I am trying to live mindfully like I have another 30-40 years, careful of my health, cautious with money, sensible about business, meanwhile also trying to live in the moment with some joy, creativity and an occasional frivolous spending. I need art and music. I want the flowering and fruits of my labor as much as I need the necessities.

I have my little holiday tree forest with all that it means to me: trees, life, air, Earth, regeneration, yes…carbon sequestration, Tannenbaum, oxygen, color and light.

I am living between now, uncertainty and eternity with my colored baubles and whimsical comfort. I might lose it all tomorrow. It might be with me for the next decades. I keep on as if nothing is out of the ordinary, maybe in part, in denial of existential threats.
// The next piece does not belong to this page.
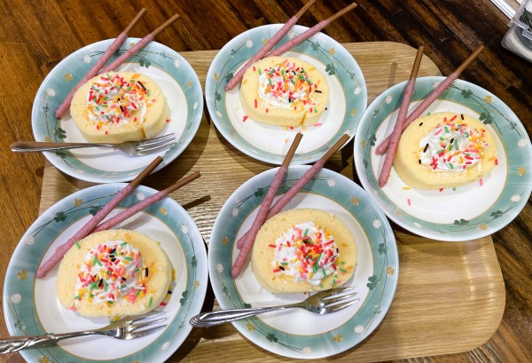 おやつの時間は、ロールケーキで歓迎会

I think about my 88 year old uncle. Chronologically he is closer to death than I. He must think of death quite regularly. I am only recently thinking about it, having turned 61 recently and now with the pandemic. Yet I talk with my uncle, all of the time, as if nothing will ever change between us…as if we can both live on for another 80 years. This is such a madness…Why don’t we talk about death more often, about loss, about our feelings of love? So, what is important to us if we must simultaneously consider imminent death and a long life?
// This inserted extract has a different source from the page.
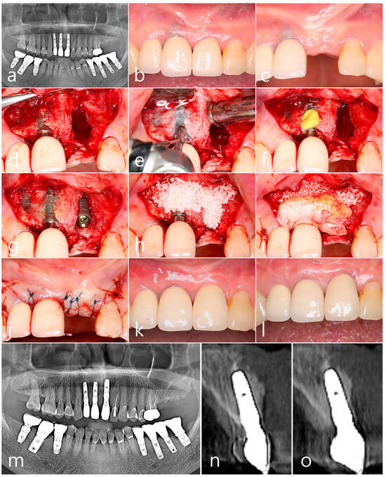 A 70-year-old female non-smoker patient had implants #11, #12, and #21 placed using a flapless technique three years prior. Panoramic radiography showed that while the interproximal bone level of implant #11 was well maintained, there was a noticeable space widening with loss of osseointegration in implant #21 (Figure 1a). In the clinical findings, 3 years after prosthesis delivery, a gray titanium color was seen according to the resorption of the #11 implant’s facial bone. This is PSTD Class I, according to Zucchelli et al. [3]. Implant #21 developed mobility due to a loss of osseointegration (Figure 1b). Implant #21 was removed, and implant placement was planned 2 months later. The extraction socket of implant #21 healed well (Figure 1c). Under local anesthesia, vertical incisions were made at the distobuccal line angle of the #11 implant and the mesiobuccal line angle of the #21 tooth. After the midcrestal incision, the labial mucoperiosteal flap was reflected. Resorption of the facial bone and exposure of the implant surface of implant #11 were observed (Figure 1d). A rotary titanium brush (Dentium, Suwon, Republic of Korea) was used to decontaminate the exposed areas of implants #11 and #12 (Figure 1e). Additional chemical detoxification was performed with tetracycline (Tc) HCl (Chong Kun Dang Pharmaceutical., Seoul, Republic of Korea) for 5 min. The granulation tissue in the extraction socket of the #21 implant was thoroughly debrided (Figure 1f). After sufficient saline irrigation, a new implant was placed 3.0 mm subcrestally from the adjacent proximal bone at site #21 (Figure 1g). Lateral bone augmentation was performed using a synthetic bone graft substitute (Osteon III, Genoss, Suwon, Republic of Korea) (Figure 1h). An SCTG was acquired by a trap-door approach in the left palate and fixed with a 4-0 catgut through a sling suture in the #11 implant. The SCTG was placed in a more coronal position (Figure 1i). The overlying mucoperiosteal flap was closed with 4-0 nylon (Figure 1j). No events were found in the postoperative healing process. Uncovering was performed 6 months after surgery, and the final prosthesis was delivered 2 months later. In implant #11, the esthetics were restored (Figure 1k). In the clinical findings 4 years after surgery, the esthetics of the #11 implant were well maintained, and 1 mm gingival recession was observed in the #21 implant (Figure 1l). In panoramic radiography taken 4 years after prosthesis delivery, there was no change in the crestal bone level around the implant (Figure 1m). Labially augmented bone was observed on the buccal side of the implant in cross-sectional images of CBCT taken after the prosthesis was delivered (Figure 1n). Less than 2 mm of labial bone resorption was observed in cross-sectional images of CBCT taken 4 years after the prosthesis was delivered (Figure 1o).

It’s a huge mental emotional exercise to think about the immensity of those two concepts at the same time, impending death and a long life. I feel my mind get tired just trying. This paradox creates a lot of stress for people all over the world these days. It makes us angry, anxious, sad and depressed. It creates such cognitive chaos, that we might feel as if our heads will explode or maybe it numbs us into traumatic limbo.

How do we hold the world and ourselves at the same time? How do we hold daily life and daily death at the same time? How do we contemplate our own life, paying the bills, a world pandemic, global economic distress, the 6th mass extinction and climate change and the holidays at the same time without overload? It’s hard.

I remember the French movie “King of Hearts. It is set during WW2. It’s about a soldier in the madness of the war and a group home for people considered mad by society. In the end they, in a typically French way, celebrate life. They have a parade, put on a beautiful play, use the debris of war as props and embody a celebratory life and love story.

What can we do in times of crisis, death, continuing birth, growth, change, of immeasurable stress and daily ordinariness? How do we live in a time of great paradox?

Keep on living with love, care, joy and perhaps the frivolous little things that remind us.